____ Task inputs

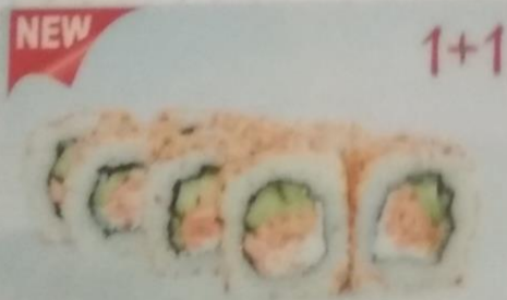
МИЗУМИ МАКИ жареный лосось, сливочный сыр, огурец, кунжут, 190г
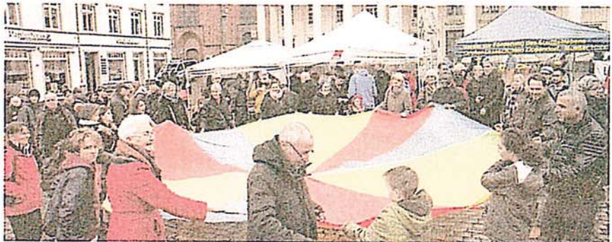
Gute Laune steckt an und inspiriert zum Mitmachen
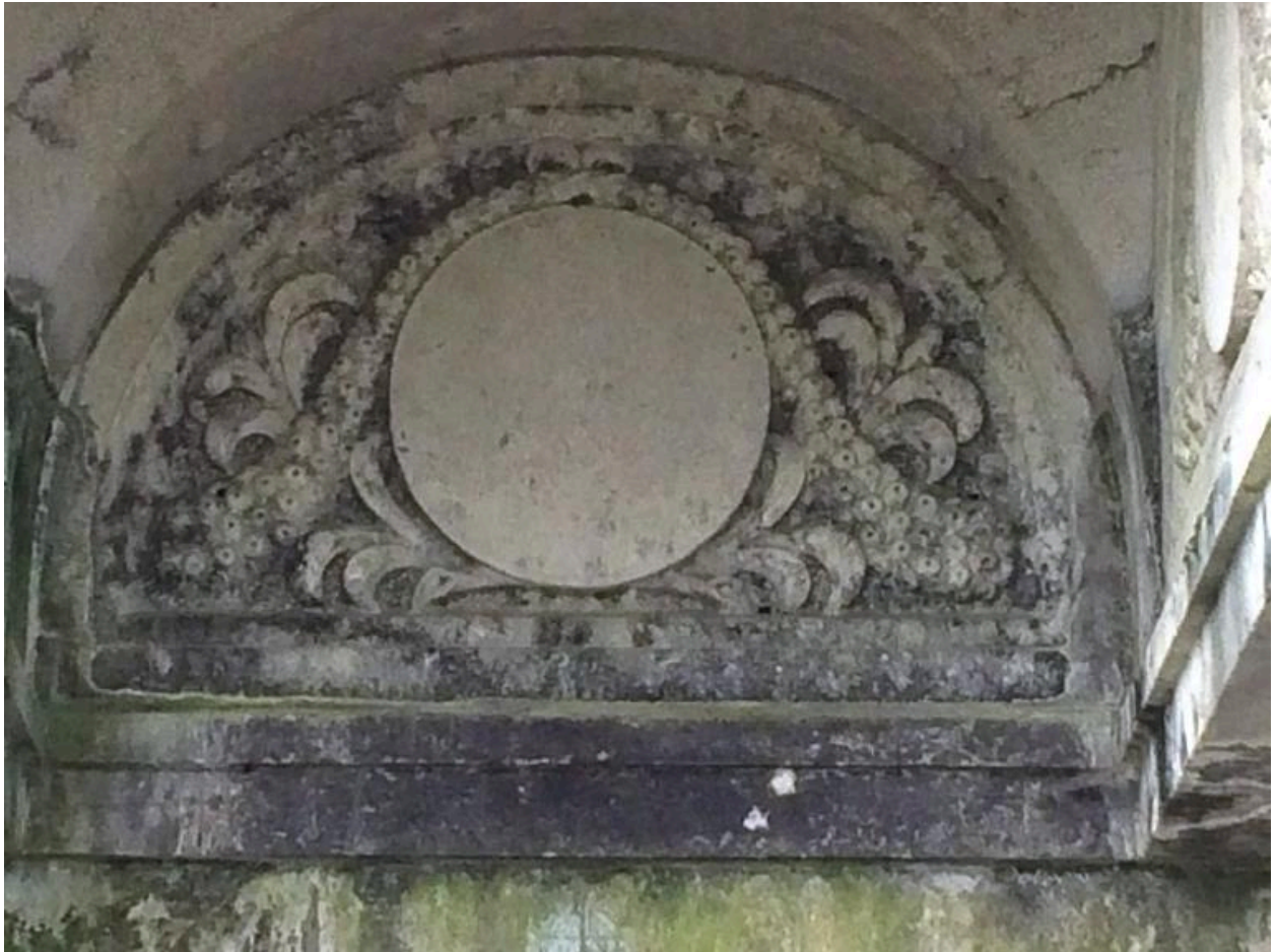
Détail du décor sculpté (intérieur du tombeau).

________
____ Task inputs

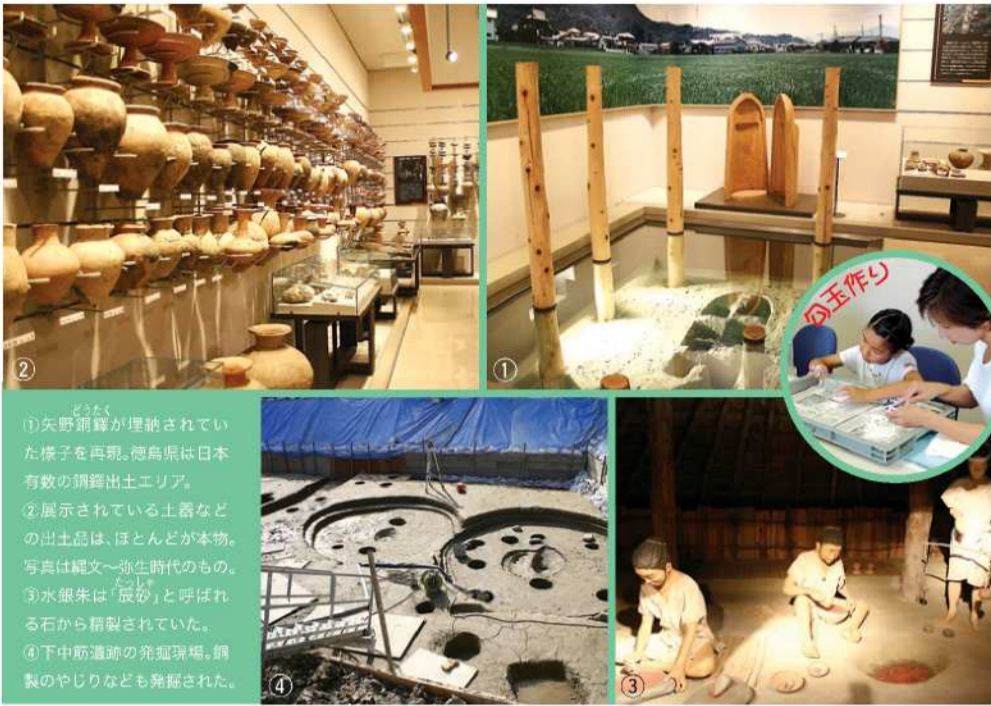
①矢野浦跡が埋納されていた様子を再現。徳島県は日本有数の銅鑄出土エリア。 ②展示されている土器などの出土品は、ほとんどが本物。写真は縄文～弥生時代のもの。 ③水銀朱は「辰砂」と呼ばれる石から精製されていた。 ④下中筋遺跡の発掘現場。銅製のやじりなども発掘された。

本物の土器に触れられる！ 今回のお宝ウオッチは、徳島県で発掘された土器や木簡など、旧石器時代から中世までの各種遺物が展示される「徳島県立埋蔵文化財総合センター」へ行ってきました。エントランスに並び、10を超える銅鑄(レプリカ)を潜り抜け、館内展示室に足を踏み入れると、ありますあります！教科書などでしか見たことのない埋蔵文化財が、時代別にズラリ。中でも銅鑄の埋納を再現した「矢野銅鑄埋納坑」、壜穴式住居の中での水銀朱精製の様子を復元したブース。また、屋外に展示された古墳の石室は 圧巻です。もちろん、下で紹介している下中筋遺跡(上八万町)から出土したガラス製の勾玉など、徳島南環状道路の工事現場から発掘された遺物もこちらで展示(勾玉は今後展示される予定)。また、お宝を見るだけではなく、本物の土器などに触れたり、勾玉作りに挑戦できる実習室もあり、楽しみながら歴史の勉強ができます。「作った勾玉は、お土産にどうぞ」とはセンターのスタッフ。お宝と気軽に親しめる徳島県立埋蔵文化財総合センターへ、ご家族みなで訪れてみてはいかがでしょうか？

________
____ Task inputs

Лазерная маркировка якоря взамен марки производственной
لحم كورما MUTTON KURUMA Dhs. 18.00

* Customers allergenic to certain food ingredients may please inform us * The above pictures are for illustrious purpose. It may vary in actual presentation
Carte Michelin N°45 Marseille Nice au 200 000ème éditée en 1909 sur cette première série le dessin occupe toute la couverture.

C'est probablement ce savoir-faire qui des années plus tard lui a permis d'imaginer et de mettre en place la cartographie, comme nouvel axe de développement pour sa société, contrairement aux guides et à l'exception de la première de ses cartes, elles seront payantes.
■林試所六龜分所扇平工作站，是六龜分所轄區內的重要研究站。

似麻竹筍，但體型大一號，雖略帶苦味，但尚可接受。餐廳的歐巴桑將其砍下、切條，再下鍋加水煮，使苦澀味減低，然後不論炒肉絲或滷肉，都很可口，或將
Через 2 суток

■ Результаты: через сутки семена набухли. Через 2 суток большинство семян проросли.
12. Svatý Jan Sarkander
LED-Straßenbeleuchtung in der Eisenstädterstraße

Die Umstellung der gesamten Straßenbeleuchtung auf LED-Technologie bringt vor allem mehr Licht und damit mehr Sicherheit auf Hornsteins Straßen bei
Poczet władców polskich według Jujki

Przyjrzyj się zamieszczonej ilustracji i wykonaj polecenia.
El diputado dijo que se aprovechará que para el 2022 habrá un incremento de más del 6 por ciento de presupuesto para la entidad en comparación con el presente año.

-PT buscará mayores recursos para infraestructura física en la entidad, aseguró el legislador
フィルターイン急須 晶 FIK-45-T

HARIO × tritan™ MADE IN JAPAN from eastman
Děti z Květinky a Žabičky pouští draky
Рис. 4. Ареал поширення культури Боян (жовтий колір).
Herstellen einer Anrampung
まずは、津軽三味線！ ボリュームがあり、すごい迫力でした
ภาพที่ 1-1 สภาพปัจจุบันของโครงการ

________

### [Your instructions]
Extract from the listing above the lines between the line containing "Děti z Květinky a Žabičky pouští draky" and the line containing "ภาพที่ 1-1 สภาพปัจจุบันของโครงการ", keeping both of those lines. Output nothing else.

### [The completed task]
Děti z Květinky a Žabičky pouští draky
Рис. 4. Ареал поширення культури Боян (жовтий колір).
Herstellen einer Anrampung
まずは、津軽三味線！ ボリュームがあり、すごい迫力でした
ภาพที่ 1-1 สภาพปัจจุบันของโครงการ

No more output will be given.